Last week, the RCMP arrested a woman in Lethbridge, Alberta for allegedly threatening Sophie Gregoire-Trudeau, wife of Prime Minister Justin Trudeau. While the threats themselves weren't made public, a 49-year-old woman was arrested and charged with uttering threats. In a statement, the RCMP said:

"Using social media as a means by which to make threats against an individual or a group of people is not to be taken lightly and may result in criminal charges if a police investigation obtains evidence to support the laying of such charges."

Advertisement

Shortly after the Alberta woman was arrested, a Saskatchewan man was arrested for making threats against the prime minister himself.

The arrests makes total sense. It's 2017 and anything that happens online is actually real life, only for many people—especially women—this doesn't seem to be the case. Wouldn't it be great if all threats online were taken this seriously?

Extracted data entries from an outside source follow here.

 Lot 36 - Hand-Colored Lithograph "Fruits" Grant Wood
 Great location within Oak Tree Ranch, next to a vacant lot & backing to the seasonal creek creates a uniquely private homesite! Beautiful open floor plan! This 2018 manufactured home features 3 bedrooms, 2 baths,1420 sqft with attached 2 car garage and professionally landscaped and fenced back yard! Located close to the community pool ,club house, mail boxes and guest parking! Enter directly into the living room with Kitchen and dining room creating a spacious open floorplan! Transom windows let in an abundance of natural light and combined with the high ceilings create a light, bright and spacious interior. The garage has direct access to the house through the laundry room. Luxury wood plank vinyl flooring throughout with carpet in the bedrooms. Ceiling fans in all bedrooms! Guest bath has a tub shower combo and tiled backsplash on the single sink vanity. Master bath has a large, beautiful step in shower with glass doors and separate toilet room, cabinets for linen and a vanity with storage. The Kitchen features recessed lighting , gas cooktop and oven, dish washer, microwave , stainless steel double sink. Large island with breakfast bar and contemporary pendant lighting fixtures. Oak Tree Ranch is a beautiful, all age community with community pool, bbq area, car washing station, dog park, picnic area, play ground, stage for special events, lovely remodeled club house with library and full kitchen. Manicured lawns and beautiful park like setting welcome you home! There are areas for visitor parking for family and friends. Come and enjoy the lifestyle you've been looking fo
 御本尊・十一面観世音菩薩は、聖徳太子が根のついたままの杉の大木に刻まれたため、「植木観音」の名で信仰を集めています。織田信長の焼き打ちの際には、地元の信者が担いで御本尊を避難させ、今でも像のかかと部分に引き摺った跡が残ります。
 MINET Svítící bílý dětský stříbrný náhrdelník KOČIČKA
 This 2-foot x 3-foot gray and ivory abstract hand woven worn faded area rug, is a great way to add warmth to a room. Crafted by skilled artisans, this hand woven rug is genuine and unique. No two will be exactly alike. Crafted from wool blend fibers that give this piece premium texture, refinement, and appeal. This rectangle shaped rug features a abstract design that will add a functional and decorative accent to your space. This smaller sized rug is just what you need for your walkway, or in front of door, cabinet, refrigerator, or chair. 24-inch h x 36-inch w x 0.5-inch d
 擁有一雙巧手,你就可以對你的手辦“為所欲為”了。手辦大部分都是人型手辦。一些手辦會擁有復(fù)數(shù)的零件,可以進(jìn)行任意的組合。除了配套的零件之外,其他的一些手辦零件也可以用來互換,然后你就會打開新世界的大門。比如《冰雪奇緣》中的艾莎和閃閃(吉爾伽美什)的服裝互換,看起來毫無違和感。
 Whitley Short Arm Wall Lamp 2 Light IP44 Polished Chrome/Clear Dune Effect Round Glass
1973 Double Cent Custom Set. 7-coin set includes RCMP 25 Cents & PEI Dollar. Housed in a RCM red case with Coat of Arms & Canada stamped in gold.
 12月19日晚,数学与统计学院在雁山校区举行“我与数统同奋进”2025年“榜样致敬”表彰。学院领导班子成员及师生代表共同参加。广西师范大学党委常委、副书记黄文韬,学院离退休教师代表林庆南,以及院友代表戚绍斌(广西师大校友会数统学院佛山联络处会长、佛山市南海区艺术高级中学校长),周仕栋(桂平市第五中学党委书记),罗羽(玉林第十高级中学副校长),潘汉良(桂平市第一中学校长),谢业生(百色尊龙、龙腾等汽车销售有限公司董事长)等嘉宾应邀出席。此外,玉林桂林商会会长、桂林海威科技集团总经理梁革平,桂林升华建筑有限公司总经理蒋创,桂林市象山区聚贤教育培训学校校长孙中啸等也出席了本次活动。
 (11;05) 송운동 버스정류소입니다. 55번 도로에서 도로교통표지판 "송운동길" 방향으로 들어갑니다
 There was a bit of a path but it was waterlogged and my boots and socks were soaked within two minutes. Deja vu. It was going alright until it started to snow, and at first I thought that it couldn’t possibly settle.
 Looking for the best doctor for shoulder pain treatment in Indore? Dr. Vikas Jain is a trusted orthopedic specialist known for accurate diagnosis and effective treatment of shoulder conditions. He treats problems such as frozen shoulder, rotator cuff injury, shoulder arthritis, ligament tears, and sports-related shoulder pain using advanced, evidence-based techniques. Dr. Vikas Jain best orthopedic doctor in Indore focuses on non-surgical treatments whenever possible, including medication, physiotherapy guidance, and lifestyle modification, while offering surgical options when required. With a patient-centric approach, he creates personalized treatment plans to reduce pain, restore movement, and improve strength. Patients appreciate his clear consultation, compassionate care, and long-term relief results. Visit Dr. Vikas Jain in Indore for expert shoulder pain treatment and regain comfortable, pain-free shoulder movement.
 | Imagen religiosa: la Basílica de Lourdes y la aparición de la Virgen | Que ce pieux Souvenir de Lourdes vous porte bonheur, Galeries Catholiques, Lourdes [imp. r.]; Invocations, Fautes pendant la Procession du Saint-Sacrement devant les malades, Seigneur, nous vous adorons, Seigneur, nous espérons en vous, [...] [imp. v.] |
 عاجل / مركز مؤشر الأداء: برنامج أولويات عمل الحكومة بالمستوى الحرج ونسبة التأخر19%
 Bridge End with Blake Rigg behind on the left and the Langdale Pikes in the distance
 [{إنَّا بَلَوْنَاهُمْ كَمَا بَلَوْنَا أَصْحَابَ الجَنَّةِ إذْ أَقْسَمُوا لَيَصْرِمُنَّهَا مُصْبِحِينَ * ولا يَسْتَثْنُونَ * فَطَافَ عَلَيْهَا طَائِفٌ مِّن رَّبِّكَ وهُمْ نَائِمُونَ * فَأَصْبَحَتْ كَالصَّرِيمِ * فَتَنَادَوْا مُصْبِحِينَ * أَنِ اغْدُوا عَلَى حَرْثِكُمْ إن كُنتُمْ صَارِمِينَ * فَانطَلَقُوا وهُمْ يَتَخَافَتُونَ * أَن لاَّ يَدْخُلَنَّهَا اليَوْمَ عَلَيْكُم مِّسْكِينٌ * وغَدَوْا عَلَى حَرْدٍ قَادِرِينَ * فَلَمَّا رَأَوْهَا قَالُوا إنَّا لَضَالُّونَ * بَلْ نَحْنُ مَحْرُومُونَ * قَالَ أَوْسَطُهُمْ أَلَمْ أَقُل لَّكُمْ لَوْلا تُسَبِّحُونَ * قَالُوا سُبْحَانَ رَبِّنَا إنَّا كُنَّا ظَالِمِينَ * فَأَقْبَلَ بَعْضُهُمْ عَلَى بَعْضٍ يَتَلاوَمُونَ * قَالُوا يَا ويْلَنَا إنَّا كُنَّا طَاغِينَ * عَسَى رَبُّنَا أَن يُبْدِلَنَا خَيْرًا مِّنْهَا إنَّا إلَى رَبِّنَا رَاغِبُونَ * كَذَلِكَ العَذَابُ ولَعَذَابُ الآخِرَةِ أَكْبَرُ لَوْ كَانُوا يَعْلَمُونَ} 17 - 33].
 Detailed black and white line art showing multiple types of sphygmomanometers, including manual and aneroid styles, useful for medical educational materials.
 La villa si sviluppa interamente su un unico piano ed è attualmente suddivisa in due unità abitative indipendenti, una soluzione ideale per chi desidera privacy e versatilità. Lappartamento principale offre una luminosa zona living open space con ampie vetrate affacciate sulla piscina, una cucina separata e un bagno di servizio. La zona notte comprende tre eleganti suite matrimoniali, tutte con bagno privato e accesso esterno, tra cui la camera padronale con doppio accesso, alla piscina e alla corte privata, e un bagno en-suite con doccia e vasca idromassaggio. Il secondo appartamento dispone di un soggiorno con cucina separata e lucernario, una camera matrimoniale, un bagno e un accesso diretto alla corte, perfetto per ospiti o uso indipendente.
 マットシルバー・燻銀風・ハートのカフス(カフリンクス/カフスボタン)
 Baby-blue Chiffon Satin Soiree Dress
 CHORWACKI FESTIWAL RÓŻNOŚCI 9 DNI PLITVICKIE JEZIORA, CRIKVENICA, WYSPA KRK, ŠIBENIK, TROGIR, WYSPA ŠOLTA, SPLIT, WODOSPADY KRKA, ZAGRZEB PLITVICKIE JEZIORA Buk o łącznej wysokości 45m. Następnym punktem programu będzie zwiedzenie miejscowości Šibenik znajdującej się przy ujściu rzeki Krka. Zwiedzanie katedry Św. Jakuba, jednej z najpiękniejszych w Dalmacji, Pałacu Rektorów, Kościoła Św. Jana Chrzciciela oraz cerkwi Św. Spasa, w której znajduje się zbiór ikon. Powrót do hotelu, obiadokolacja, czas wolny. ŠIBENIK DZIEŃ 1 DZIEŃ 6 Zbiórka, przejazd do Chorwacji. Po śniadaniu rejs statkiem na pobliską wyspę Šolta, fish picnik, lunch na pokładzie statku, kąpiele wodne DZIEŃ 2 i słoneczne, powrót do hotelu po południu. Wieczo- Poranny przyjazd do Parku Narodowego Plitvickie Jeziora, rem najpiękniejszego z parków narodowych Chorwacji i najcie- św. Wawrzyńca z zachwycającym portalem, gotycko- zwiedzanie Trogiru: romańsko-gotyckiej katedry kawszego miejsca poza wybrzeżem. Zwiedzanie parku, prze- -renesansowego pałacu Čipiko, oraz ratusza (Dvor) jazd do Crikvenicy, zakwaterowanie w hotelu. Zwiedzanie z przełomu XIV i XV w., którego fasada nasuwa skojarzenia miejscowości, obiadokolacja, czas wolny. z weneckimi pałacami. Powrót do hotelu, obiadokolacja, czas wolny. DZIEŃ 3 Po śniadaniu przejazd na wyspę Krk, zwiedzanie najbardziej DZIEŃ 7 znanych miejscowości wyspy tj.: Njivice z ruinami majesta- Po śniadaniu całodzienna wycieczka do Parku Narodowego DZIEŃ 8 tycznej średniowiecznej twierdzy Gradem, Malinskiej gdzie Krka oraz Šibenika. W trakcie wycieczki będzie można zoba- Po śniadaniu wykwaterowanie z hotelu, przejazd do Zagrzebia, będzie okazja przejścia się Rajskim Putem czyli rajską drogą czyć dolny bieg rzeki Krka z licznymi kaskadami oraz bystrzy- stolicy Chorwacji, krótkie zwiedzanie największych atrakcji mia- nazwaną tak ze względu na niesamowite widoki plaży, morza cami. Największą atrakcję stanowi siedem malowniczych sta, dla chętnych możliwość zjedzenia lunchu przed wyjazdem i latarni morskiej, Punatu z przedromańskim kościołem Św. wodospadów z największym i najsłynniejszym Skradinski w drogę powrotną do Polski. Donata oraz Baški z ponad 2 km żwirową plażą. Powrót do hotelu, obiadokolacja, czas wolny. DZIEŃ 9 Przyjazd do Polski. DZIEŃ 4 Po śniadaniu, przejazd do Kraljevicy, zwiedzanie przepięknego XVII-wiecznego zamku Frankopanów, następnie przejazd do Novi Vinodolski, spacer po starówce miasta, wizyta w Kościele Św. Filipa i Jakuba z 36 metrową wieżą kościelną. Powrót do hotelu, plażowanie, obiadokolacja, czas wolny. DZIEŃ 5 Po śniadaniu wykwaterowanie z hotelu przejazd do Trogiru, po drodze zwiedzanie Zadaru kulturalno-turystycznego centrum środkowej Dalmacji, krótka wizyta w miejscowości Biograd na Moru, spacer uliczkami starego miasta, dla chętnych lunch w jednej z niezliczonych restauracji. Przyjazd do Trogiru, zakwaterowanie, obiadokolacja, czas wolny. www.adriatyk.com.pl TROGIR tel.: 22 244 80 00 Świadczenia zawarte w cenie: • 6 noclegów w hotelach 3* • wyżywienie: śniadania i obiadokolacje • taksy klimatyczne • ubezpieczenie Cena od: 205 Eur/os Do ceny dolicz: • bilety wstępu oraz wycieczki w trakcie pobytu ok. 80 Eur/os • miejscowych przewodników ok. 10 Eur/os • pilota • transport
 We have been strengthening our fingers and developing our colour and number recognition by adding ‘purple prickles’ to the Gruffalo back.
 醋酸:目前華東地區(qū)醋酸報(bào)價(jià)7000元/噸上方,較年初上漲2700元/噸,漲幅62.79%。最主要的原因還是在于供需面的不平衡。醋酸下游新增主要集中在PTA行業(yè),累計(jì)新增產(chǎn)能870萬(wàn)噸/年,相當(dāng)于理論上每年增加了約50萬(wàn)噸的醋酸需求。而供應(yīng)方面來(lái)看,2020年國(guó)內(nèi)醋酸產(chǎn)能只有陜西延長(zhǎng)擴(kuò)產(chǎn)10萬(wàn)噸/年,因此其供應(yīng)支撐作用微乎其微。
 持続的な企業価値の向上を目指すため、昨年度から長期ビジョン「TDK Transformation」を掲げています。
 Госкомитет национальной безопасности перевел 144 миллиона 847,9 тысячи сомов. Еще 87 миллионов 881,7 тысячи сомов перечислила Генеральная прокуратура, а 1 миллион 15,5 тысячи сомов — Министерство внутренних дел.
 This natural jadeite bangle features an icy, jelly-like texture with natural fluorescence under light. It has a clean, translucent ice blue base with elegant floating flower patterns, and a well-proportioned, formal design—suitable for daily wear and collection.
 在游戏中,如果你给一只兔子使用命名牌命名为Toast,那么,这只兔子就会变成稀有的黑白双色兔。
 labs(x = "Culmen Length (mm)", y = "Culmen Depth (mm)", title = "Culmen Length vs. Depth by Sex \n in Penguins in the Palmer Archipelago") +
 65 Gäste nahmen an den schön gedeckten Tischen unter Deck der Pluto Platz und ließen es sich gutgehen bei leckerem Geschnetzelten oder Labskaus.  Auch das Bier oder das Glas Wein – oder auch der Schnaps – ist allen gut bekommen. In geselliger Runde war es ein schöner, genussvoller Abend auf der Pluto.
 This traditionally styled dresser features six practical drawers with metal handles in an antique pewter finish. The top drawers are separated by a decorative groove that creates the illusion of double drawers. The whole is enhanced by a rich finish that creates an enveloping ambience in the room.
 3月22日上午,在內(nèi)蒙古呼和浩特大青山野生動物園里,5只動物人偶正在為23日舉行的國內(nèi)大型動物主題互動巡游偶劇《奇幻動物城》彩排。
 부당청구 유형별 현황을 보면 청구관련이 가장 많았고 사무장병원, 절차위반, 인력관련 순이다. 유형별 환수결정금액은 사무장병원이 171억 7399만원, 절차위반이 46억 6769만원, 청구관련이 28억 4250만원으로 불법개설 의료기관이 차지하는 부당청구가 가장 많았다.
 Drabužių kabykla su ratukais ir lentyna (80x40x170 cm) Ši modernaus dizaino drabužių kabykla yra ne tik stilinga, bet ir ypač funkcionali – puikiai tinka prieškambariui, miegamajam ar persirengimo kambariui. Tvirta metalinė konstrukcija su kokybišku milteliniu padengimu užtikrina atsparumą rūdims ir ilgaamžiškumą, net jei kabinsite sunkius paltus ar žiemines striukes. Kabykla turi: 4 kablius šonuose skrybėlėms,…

Anyone who's online in the most remotely public way knows it means possibly enduring a certain level of harassment. While it's a hard truth, an even harder truth is the knowledge that there's not really much you can do about online harassment, legally. As someone with a modestly sized social media following, whose job means letting anyone having an open line of communication with me, I know all too well what being a woman online means. Along with just about every other woman I know who works in media, I've received threats against my life or have had people threaten to rape me. One thing we all know for certain is contacting authorities with any of the serious threats we've received feels more or less futile.

Two months ago, Tina Oh, a climate justice activist and student at the University of New Brunswick found herself being harassed. After harassing Oh online the person then began following Oh around with a camera and posting the videos onto white supremacist forums.

From there, it escalated to physical threats made by both the harasser and her network of white supremacists. "By the time I went to the police, they had just kind of jotted down the incident and that they would send it to an officer in her district," Oh told me. The officers in question allegedly also told Oh, "Police get videotaped all the time, but we don't complain." Not only that, but she also claimed she received a call later where an officer told her, "It's not a crime to have people disagree with you."

Advertisement

Mary McComish of Calgary told me of a similar experience she faced when her online harassment was escalated to authorities. After a screenshot of her Tinder profile was posted and mocked on an online forum, she began receiving threats of people wanting to physically harm her. When her mother decided to report the harassment to her local authorities, she said the situation left her helpless. "They were very nice but there was absolutely nothing they could do. They knew nothing about Tinder or the internet and I spent the majority of the time explaining both to them." They promised to keep in touch but never followed up with McComish's report, telling her only to keep her social media accounts private.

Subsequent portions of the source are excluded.